Abstract:Data imputation is a crucial task due to the widespread occurrence of missing data. Many methods adopt a two-step approach: initially crafting a preliminary imputation (the "draft") and then refining it to produce the final missing data imputation result, commonly referred to as "draft-then-refine". In our study, we examine this prevalent strategy through the lens of graph Dirichlet energy. We observe that a basic "draft" imputation tends to decrease the Dirichlet energy. Therefore, a subsequent "refine" step is necessary to restore the overall energy balance. Existing refinement techniques, such as the Graph Convolutional Network (GCN), often result in further energy reduction. To address this, we introduce a new framework, the Graph Laplacian Pyramid Network (GLPN). GLPN incorporates a U-shaped autoencoder and residual networks to capture both global and local details effectively. Through extensive experiments on multiple real-world datasets, GLPN consistently outperforms state-of-the-art methods across three different missing data mechanisms. The code is available at <a class="link-external link-https" href="https://github.com/liguanlue/GLPN" rel="external noopener nofollow">this https URL</a>.
What problem does this paper attempt to address?
The problem that this paper attempts to solve is: How to improve the existing "draft - then - refine" paradigm from the perspective of Graph Dirichlet Energy when dealing with missing data. Specifically, the author observes that simple "draft" steps (such as mean imputation or KNN imputation) will lead to a significant reduction in Graph Dirichlet Energy, thus requiring a "refine" step that can restore the overall energy balance. However, existing refinement techniques (such as Graph Convolutional Network, GCN) tend to further reduce Dirichlet Energy, resulting in overly smoothed final imputation results and affecting the imputation effect.

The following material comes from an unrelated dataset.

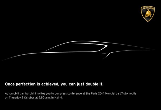 Lamborghini va dezveli în cadrul standului său de la Salonul Auto de la Paris un nou model. Pentru moment, italienii au fost zgârciţi în declaraţii, publicând o imagine teaser alături de o declaraţie misterioasă: "odată ce perfecţiunea este atinsă, poţi doar să o dublezi". Afirmaţia oficialilor mărcii italiene ar sugera lansarea unui model cu patru locuri în gamă, dar silueta modelului din imaginea teaser publicată de constructorul din Sant'Agata sugerează un coupe în locul unei berline.

To solve this problem, the author proposes a new framework - Graph Laplacian Pyramid Network (GLPN). GLPN combines U - shaped auto - encoders and residual networks to effectively capture global and local details, thereby maintaining the stability of Graph Dirichlet Energy while imputing missing data. Through extensive experiments on multiple real - world datasets, GLPN shows better performance than existing methods under three different missing - data mechanisms (Missing Completely at Random, MCAR; Missing at Random, MAR; Missing Not at Random, MNAR).
### Formula Summary
1. **Definition of Graph Dirichlet Energy**:
\[
E_D(\mathbf{X})=\text{tr}(\mathbf{X}^T\tilde{\Delta}\mathbf{X}) = \frac{1}{2}\sum_{i,j = 1}^{n}A_{ij}\left\|\mathbf{X}_{i,:}\sqrt{1 + D_{ii}}-\mathbf{X}_{j,:}\sqrt{1 + D_{jj}}\right\|^2
\]
where $\tilde{\Delta}=I_n-\tilde{D}^{-\frac{1}{2}}\tilde{A}\tilde{D}^{-\frac{1}{2}}$ is the augmented normalized Laplacian matrix, and $\tilde{A}=A + I_n$ and $\tilde{D}=D + I_n$ are the adjacency matrix and degree matrix including self - loop connections respectively.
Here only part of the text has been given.